• **What you have to do**
From the listing below, restate word for word the lines from the line containing "In unserem Appartement" down through the line containing "各居室を順番に回り、8匹のホタルを利用者のみなさまに見せていただきました。". Exclude pictures.

• **Exercise data**
<<<<
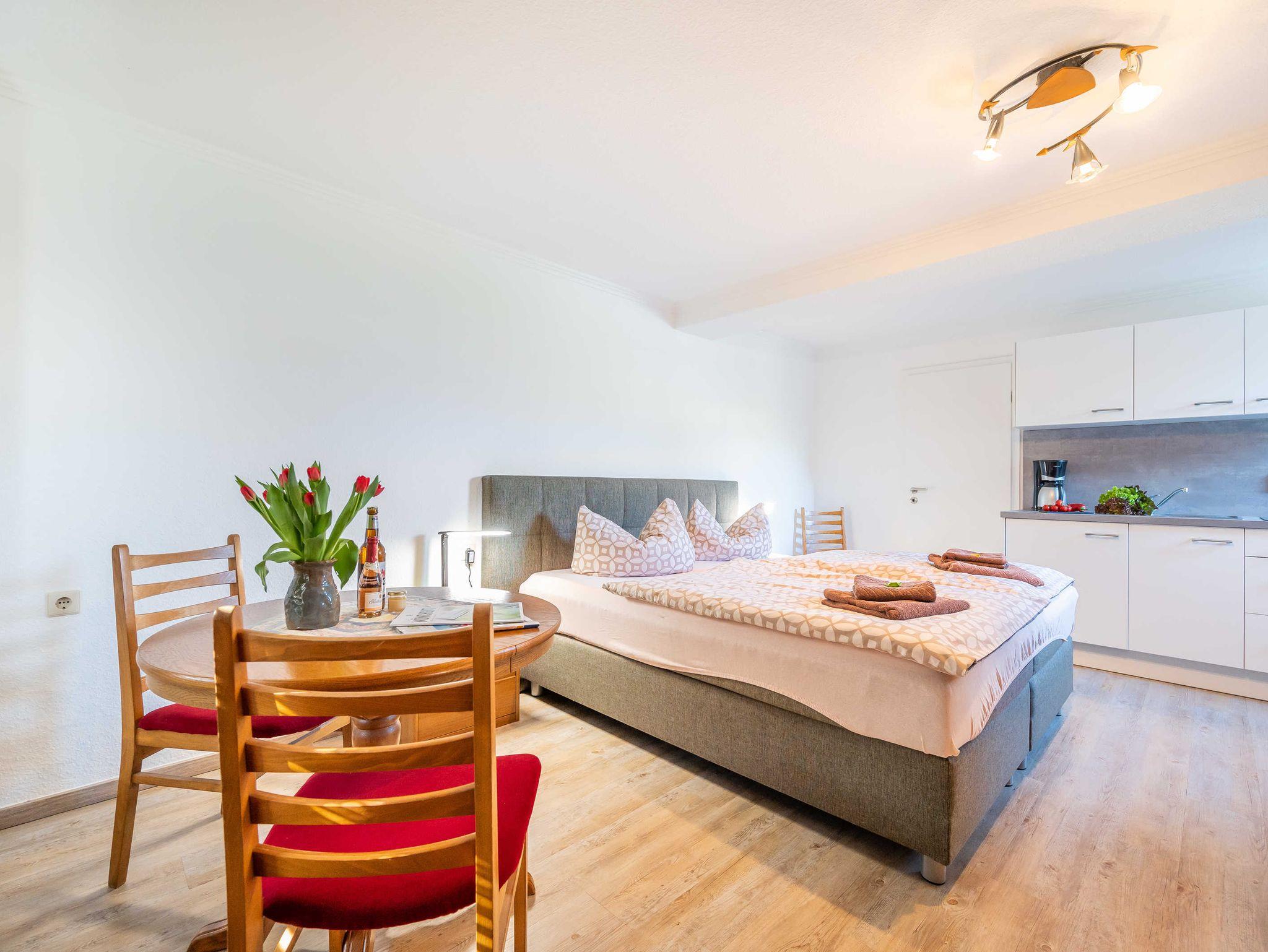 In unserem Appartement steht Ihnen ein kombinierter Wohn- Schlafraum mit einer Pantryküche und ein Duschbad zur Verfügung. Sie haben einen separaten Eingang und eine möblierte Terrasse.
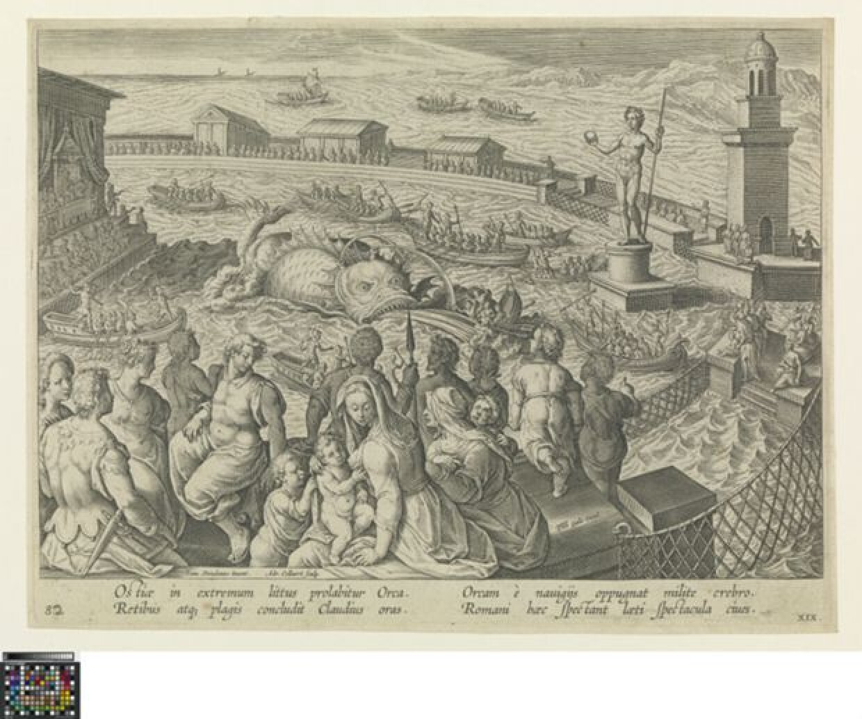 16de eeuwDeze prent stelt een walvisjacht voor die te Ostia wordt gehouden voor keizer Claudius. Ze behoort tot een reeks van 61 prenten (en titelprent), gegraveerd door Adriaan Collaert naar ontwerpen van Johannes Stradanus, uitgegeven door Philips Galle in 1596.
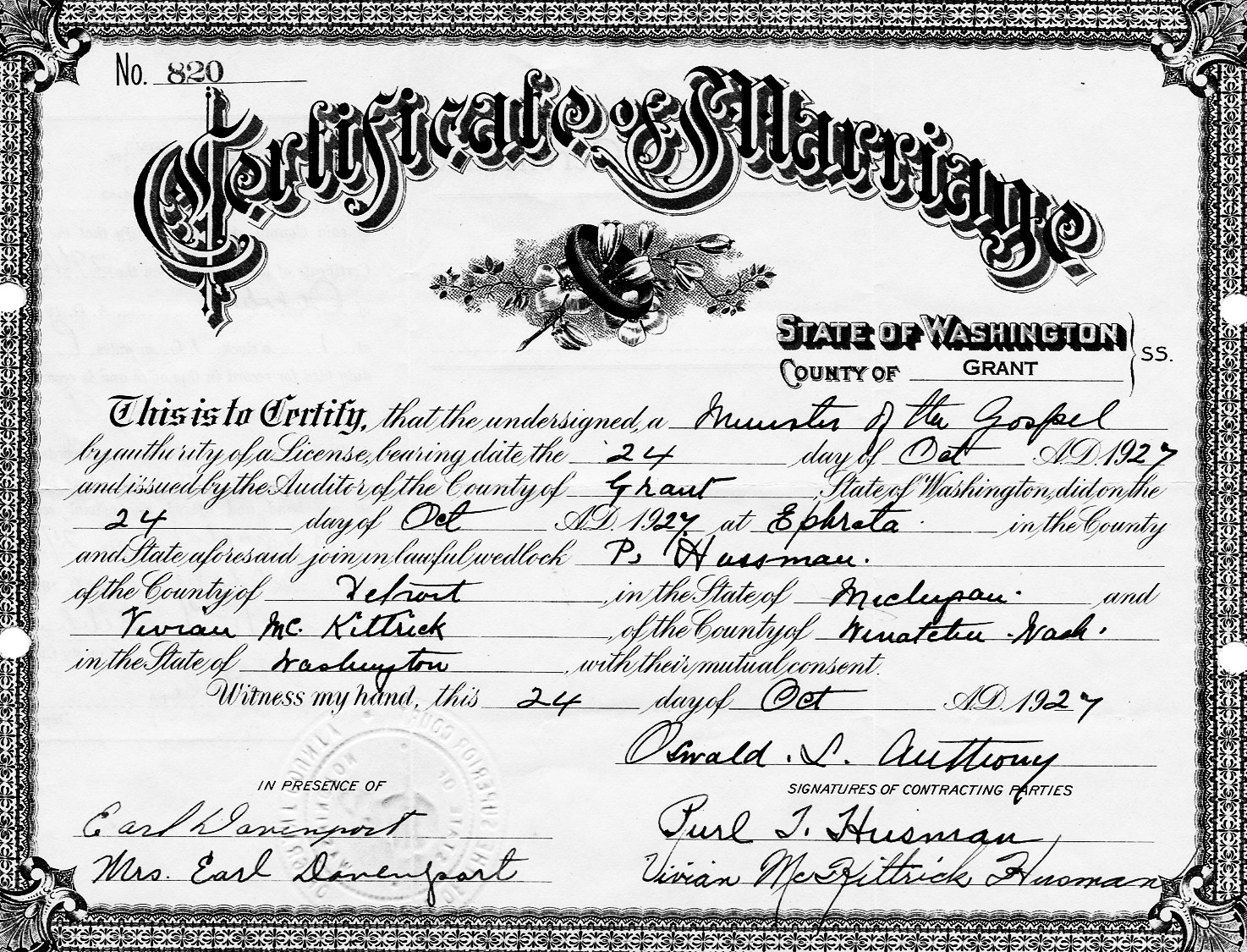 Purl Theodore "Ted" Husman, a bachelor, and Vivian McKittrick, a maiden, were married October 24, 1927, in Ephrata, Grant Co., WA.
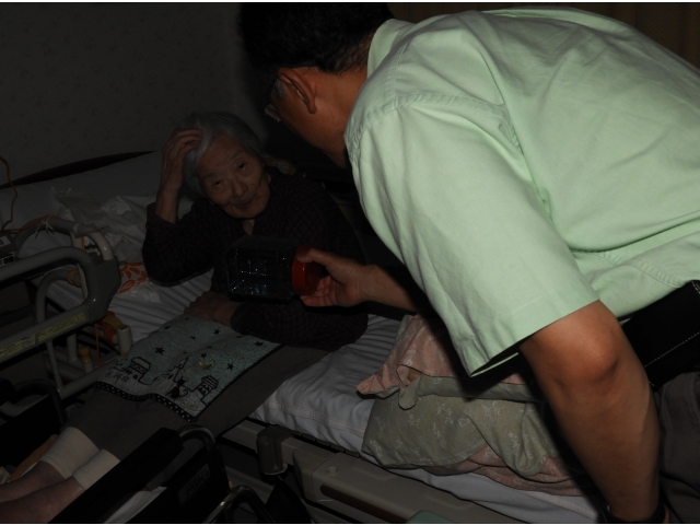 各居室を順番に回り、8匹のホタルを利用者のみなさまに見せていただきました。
>>>>
<<<<
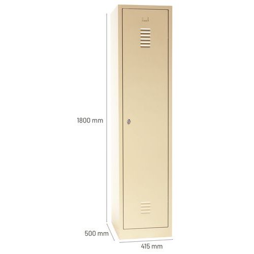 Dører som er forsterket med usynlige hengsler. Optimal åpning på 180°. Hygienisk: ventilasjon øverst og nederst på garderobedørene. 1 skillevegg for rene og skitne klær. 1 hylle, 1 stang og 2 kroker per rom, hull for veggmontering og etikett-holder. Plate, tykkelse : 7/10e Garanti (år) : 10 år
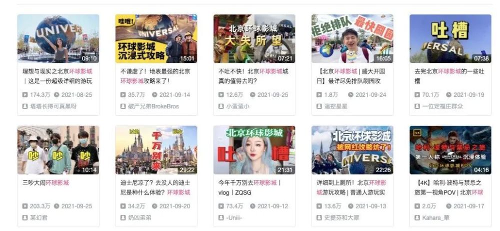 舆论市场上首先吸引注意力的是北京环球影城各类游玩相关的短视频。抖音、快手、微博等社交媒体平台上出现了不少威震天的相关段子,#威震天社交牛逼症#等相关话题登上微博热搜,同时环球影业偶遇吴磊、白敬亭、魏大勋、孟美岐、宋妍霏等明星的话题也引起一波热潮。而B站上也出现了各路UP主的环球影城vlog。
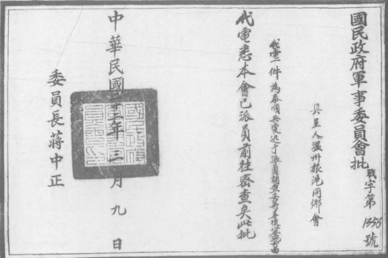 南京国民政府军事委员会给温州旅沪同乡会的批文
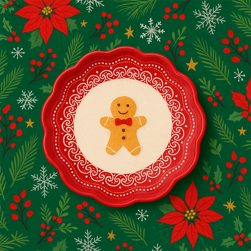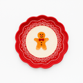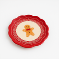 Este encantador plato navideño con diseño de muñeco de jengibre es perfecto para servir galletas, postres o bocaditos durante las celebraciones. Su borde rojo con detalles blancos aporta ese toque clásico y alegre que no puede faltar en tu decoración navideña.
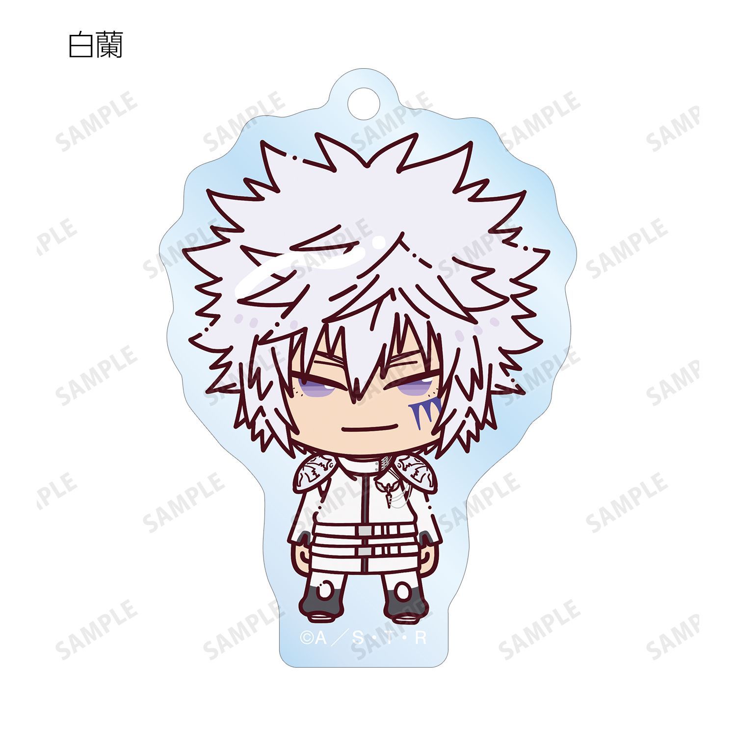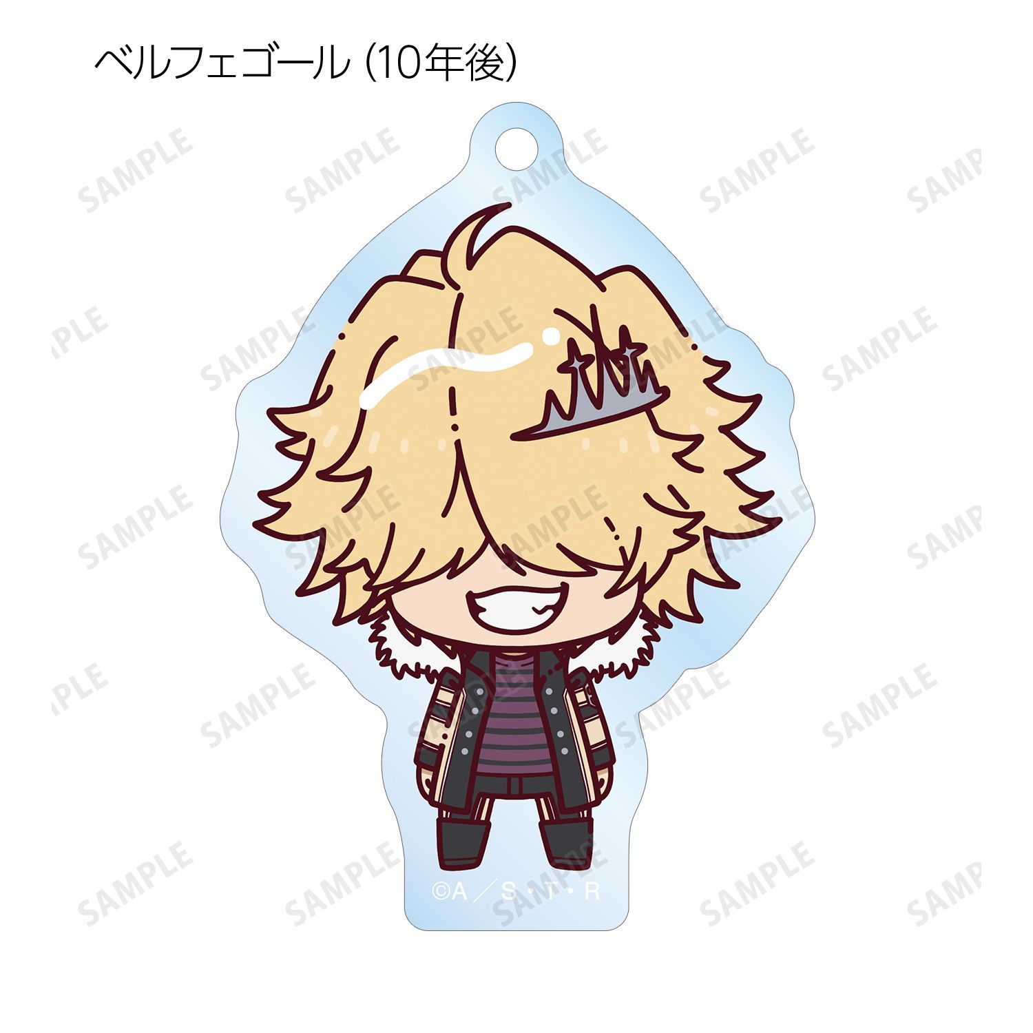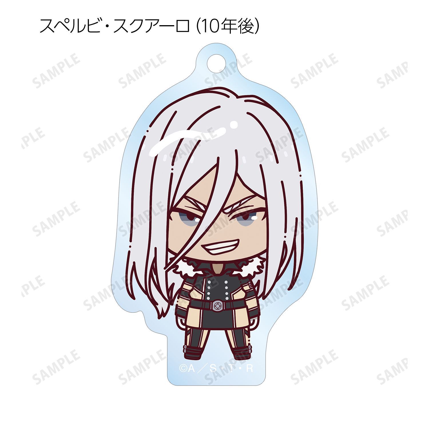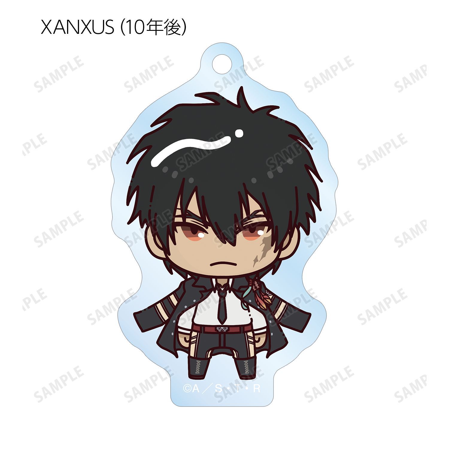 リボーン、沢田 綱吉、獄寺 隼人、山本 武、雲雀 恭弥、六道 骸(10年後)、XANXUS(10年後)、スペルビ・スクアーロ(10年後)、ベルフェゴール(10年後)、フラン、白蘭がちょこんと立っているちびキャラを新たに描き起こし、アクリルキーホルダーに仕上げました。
>>>>
<<<<
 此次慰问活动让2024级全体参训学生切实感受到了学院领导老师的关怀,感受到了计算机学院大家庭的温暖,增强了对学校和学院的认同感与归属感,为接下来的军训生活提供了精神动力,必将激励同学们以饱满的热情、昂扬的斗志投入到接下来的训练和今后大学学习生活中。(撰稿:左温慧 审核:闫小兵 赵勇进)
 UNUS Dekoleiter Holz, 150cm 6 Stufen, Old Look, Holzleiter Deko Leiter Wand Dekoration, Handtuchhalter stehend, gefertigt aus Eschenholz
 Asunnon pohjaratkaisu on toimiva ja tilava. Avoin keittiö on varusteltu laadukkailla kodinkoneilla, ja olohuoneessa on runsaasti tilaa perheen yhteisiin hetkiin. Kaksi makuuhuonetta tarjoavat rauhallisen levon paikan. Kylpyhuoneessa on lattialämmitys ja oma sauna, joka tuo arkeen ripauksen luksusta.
>>>>
• **Response**
 In unserem Appartement steht Ihnen ein kombinierter Wohn- Schlafraum mit einer Pantryküche und ein Duschbad zur Verfügung. Sie haben einen separaten Eingang und eine möblierte Terrasse.
 16de eeuwDeze prent stelt een walvisjacht voor die te Ostia wordt gehouden voor keizer Claudius. Ze behoort tot een reeks van 61 prenten (en titelprent), gegraveerd door Adriaan Collaert naar ontwerpen van Johannes Stradanus, uitgegeven door Philips Galle in 1596.
 Purl Theodore "Ted" Husman, a bachelor, and Vivian McKittrick, a maiden, were married October 24, 1927, in Ephrata, Grant Co., WA.
 各居室を順番に回り、8匹のホタルを利用者のみなさまに見せていただきました。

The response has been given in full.